While most voters don’t even know that the “Bipartisan Infrastructure Law” (formally called the Infrastructure Investment and Jobs Act) was enacted a year ago, according to earlier polling, they do know they want safe drinking water. This important infrastructure law takes a big step forward in helping the country achieve this and puts a big down payment of $15 billion toward the overwhelmingly popular task of removing lead pipes. The infrastructure law’s funding for lead pipe removal is just now beginning to work its way into state coffers, so new projects to pull lead pipes out of the ground are expected to begin soon.
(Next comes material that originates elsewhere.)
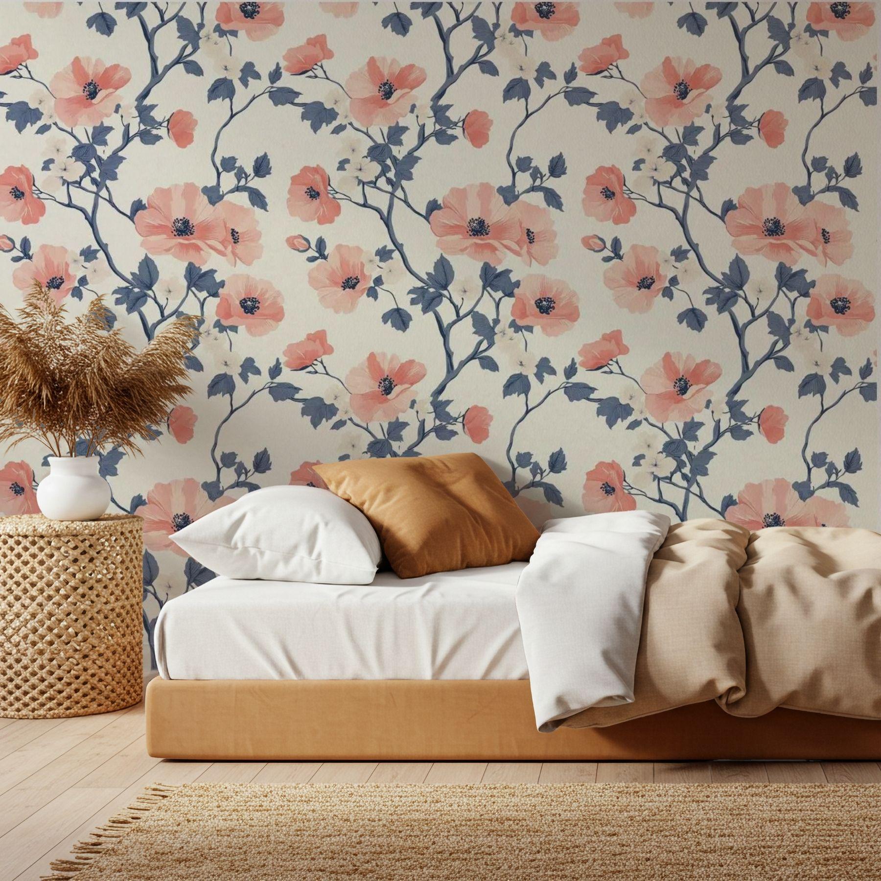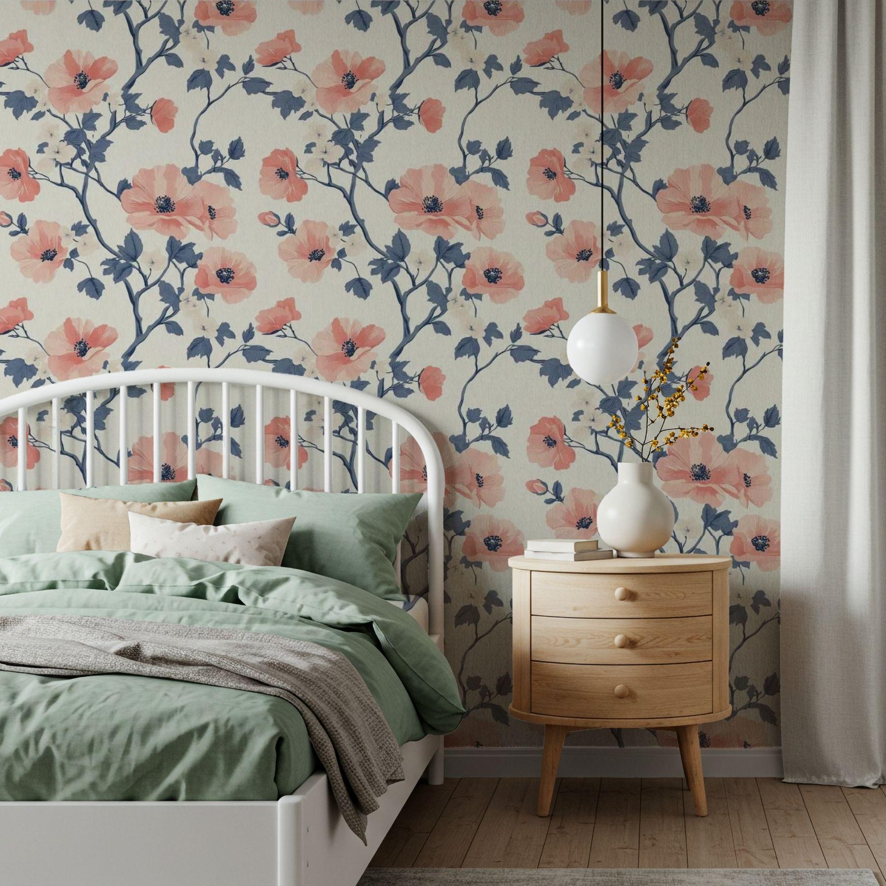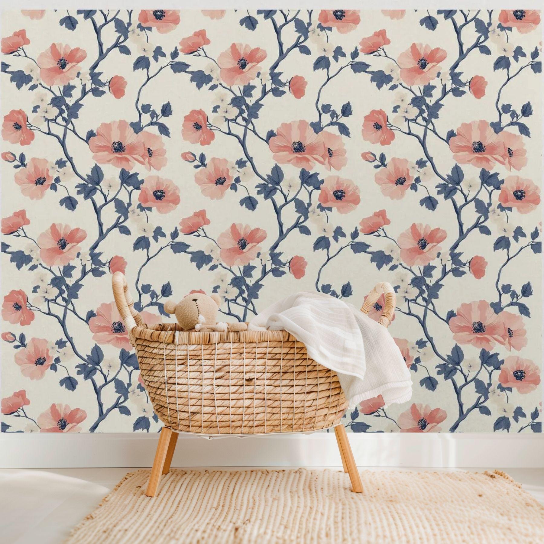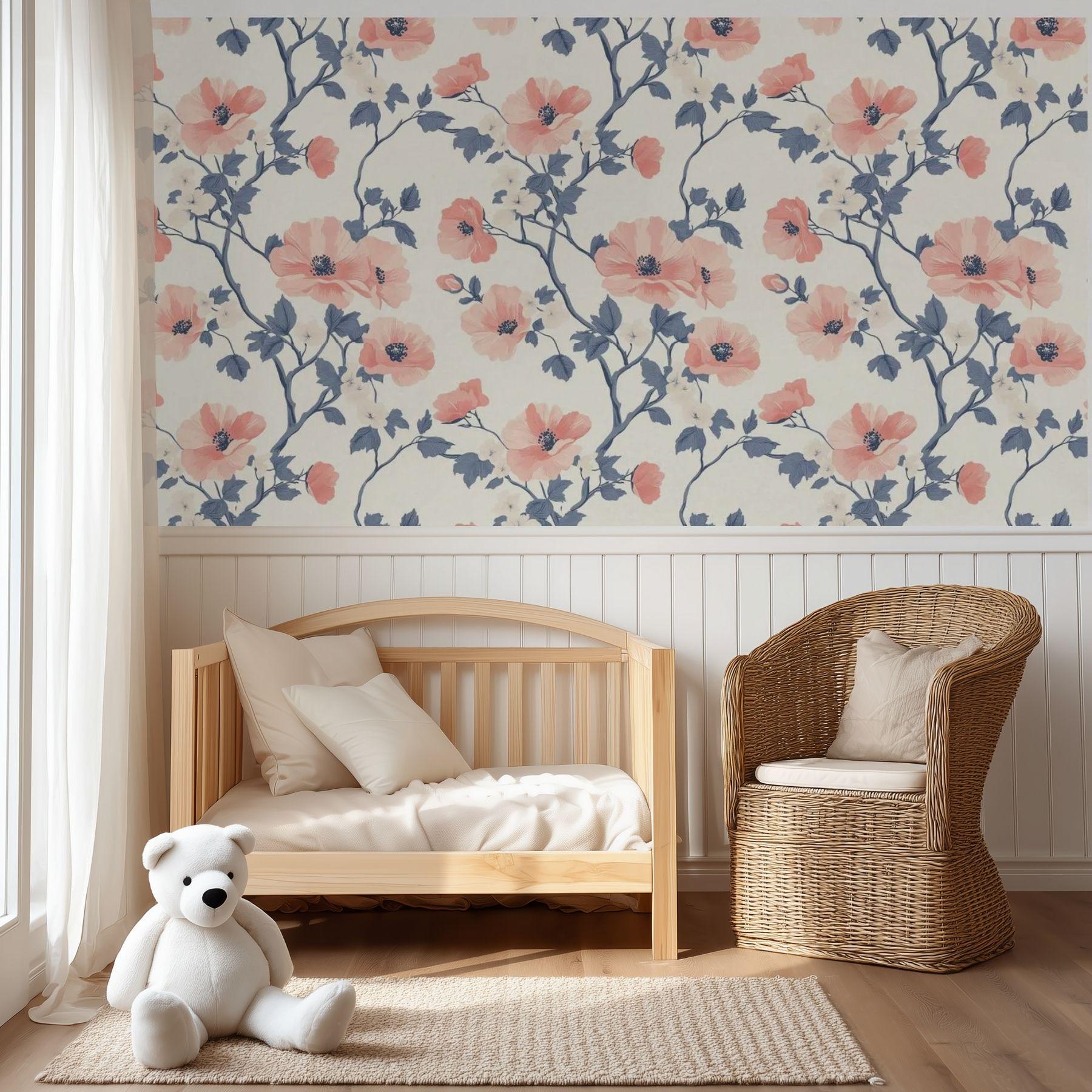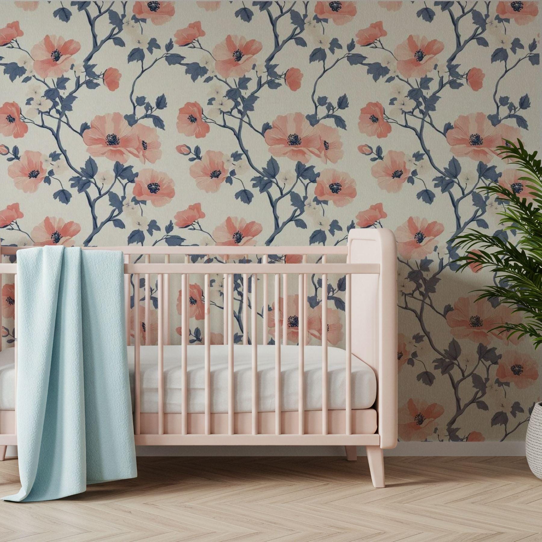 Bold yet tender, this painterly poppy print brings joy and artistry to every corner. Soft coral petals dance across deep indigo branches, creating a look that’s full of warmth and wonder — perfect for nurseries, playrooms, or any space meant to feel alive and beautifully loved.

The U.S. Environmental Protection Agency (EPA) recently issued the first round of $3 billion in funding to states for removing lead service lines. As NRDC’s 2021 survey of all 50 states found, there are potentially 9 to 12 million of these pipes, so this funding is needed urgently. Estimates for the cost of removing all the lead pipes range from $45 billion to an industry estimate of as high as $60 billion.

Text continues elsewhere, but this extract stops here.